Oddly enough, the more steps users had taken in securing their personal information, the more likely they were to have personal information posted online.
“This reinforces the notion that privacy is not an all-or-nothing proposition for internet users,” the study reads. “People choose different strategies for different activities, for different content, to mask themselves from different people, at different times in their lives.”
Two thirds of respondents said there was a photo online, the most common piece of information people shared online. Half said their birth date was available, while just under half said their email address was available. Interestingly, political affiliation was one of the most protected pieces of information; only a fifth of respondents had disclosed it online.
And political affiliation had little to do when it came to feelings about privacy laws. Two thirds of respondents said the laws were “not good enough,” and that number essentially held across the ideological spectrum.

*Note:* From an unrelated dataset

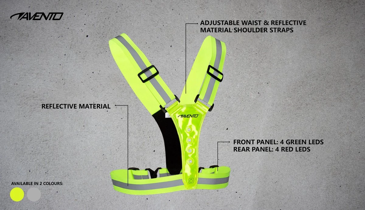 Dit LED Veiligheidsvest van Avento maakt je perfect zichtbaar in het donker voor andere weggebruikers. Ideaal dus als je gaat wandelen, fietsen of hardlopen in de avonduren of vroege morgen. Dankzij de gemakkelijk verstelbare elastische banden is het Avento LED Veiligheidsvest eenvoudig aan te trekken over een jas of sportkleding. Het hesje is extra comfortabel door de neopreen voering bij de panelen. De elastische banden zijn voorzien van 3M Scotchlite(TM) reflectie, hierdoor val je extra goed op.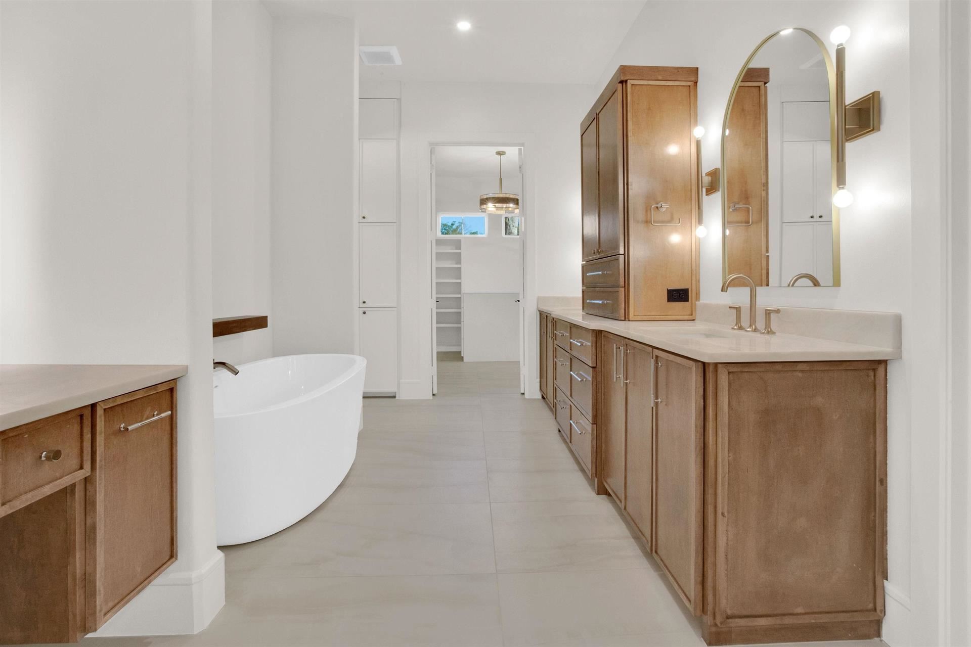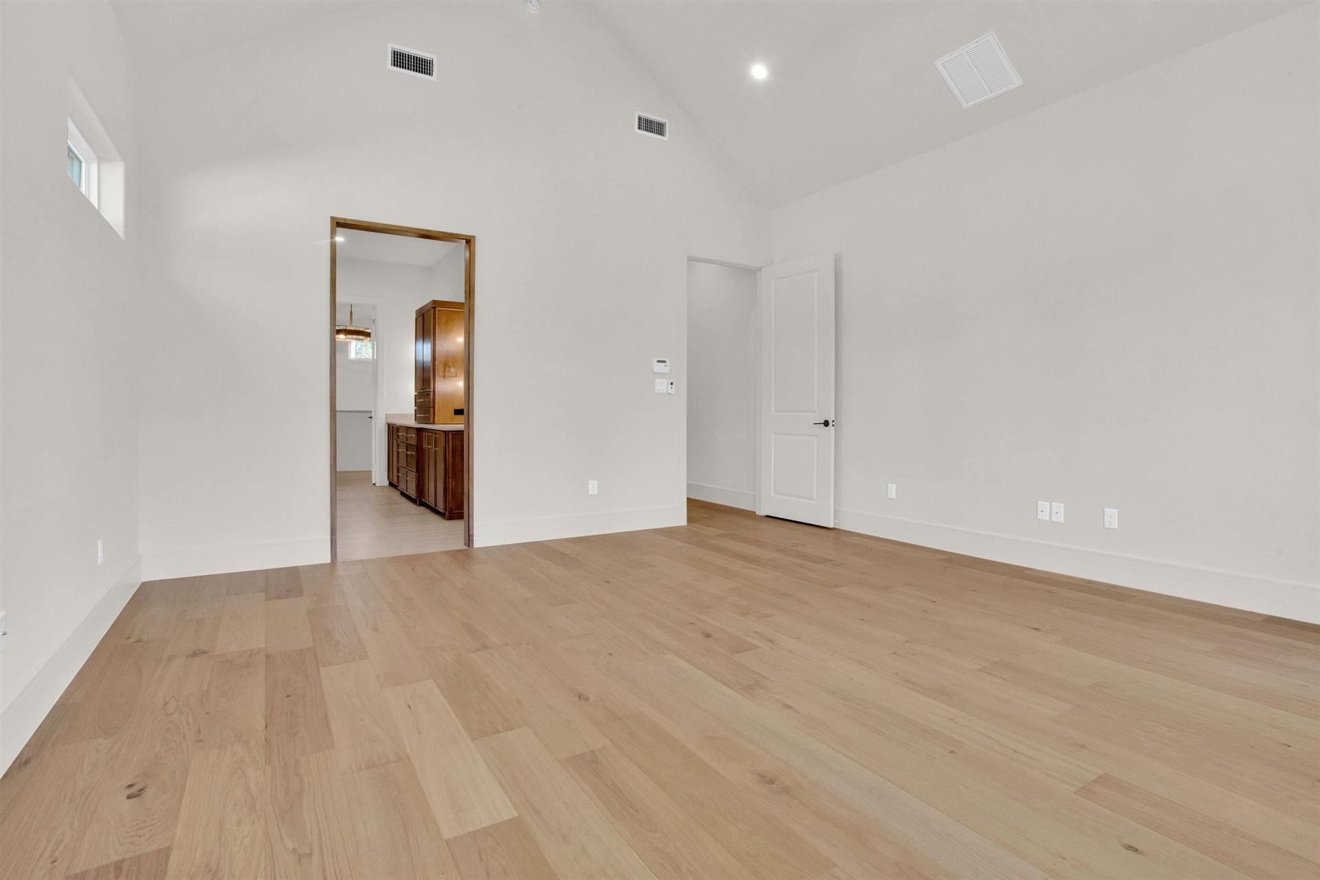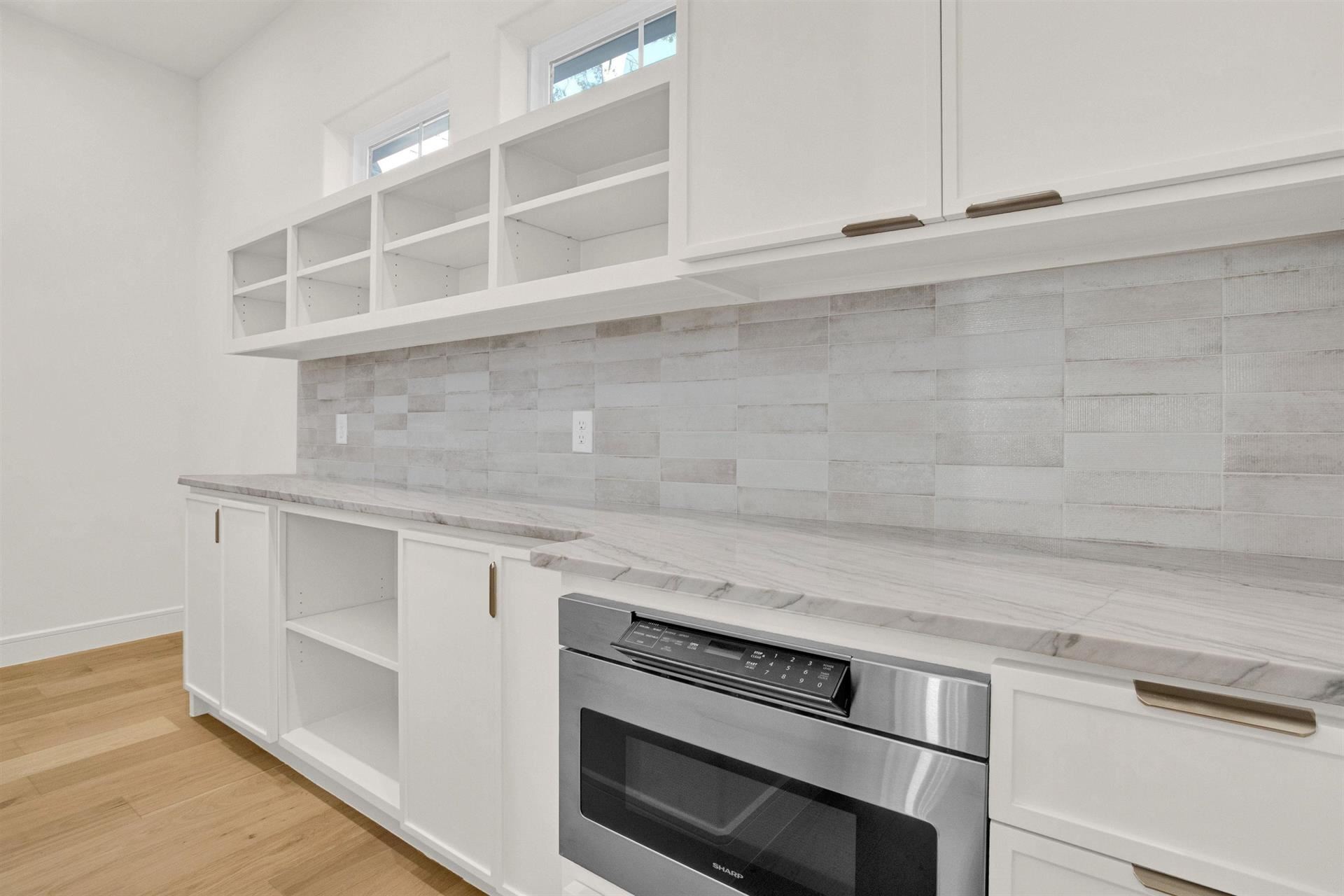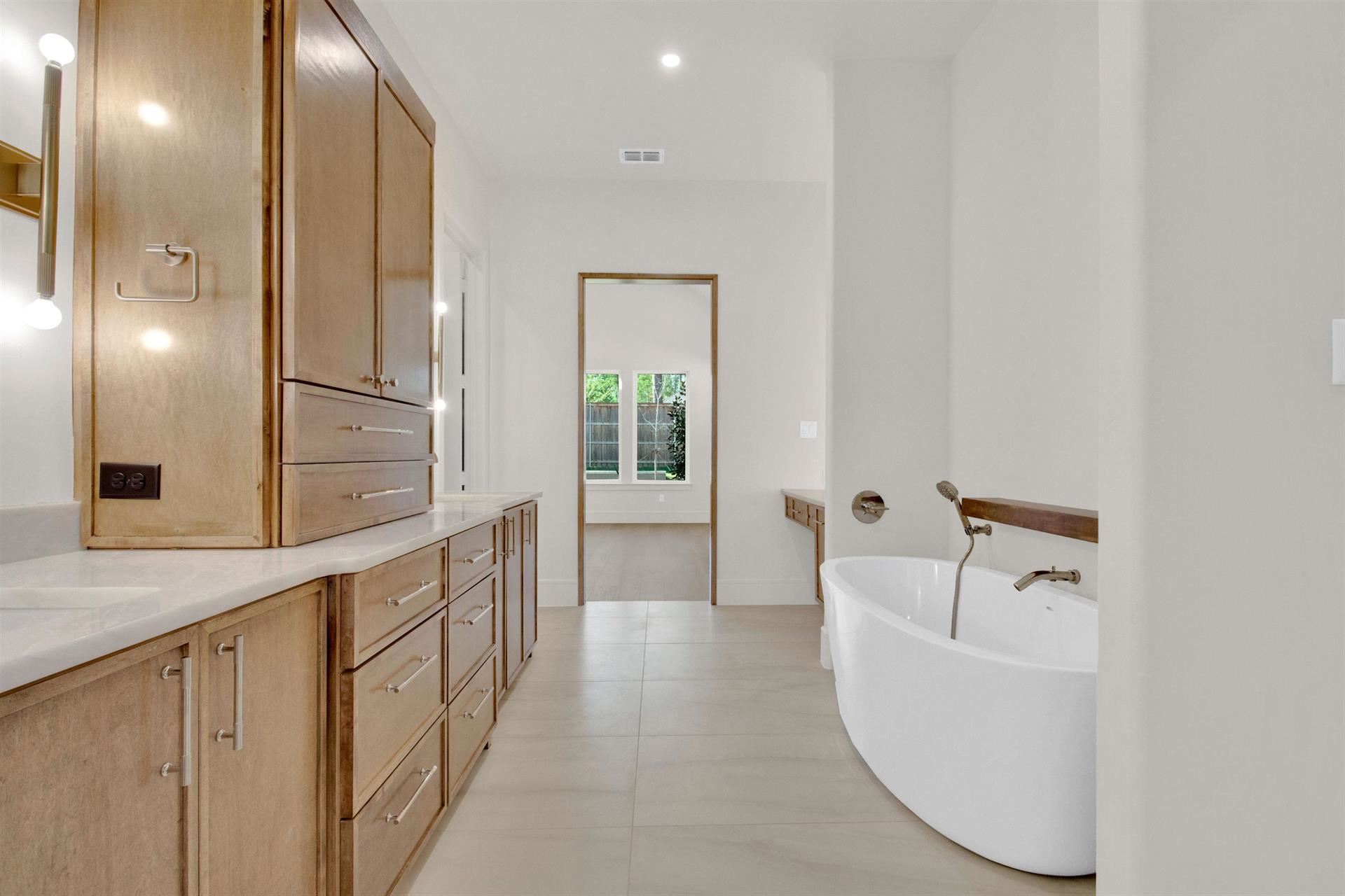 Luxury new construction residence in the prestigious gated community of Sentinel Park at Legacy Bend. This refined expression of traditional luxury offers 5 bedrooms plus a dedicated office, 3.5 bathrooms, with 4,155 square feet of thoughtfully designed living space. A cohesive interior unfolds through custom built-ins, layered lighting, wood flooring, continuous surround sound, and expansive slide and stack doors. The kitchen showcases its beautiful slim shaker 2 tone cabinets, custom vent hood and Taj Mahal Quartzite surfaces that extend from the countertops into a full-height backsplash. The Butlers pantry has a drawer microwave, dedicated freezer space, and abundant storage. The separate dining area is elevated by a built in bar complete with a beverage fridge and ice maker. The primary suite offers a private retreat with elevated finishes, including a makeup vanity mirror, hidden drawer storage, bidet toilet, multi-head shower, soaking tub, and thoughtfully incorporated built-ins. Additional features such as a pull-down third rack system and a retractable central vacuum with vac pan further enhance everyday convenience. Secondary spaces maintain the same level of detail, with custom closet systems, a porcelain slab vanity in the hall bath, and a powder bath with outdoor access and LED mirror. Slide-and-stack doors open to a backyard paradise anchored by a gunite pool. The covered patio features an outdoor kitchen that is fully equipped with a 32' Blaze gas grill, Vevor beverage cooler, and a 2nd fireplace.

“Interestingly, there are not noteworthy differences in answers to this question associated with political or partisan points of view,” the report reads. “Tea Party supporters, conservative Republicans, self-described moderates and liberal Democrats are not statistically significantly different in their answers.”
Perhaps in light of new discoveries that the National Security Agency can collect older emails with a subpoena and not a warrant, 68 percent of respondents said it was “very important” to control who can access their email. Email content privacy ranked as more important than protecting location information, online chat content and Internet search history.
But overall, Americans are just more worried in general. In September 2009, only a third of Americans said they were worried about personal information online, but that number has risen to a half in the most recent survey.
The survey was conducted via 1,002 landline and cellphone interviews from July 11-14.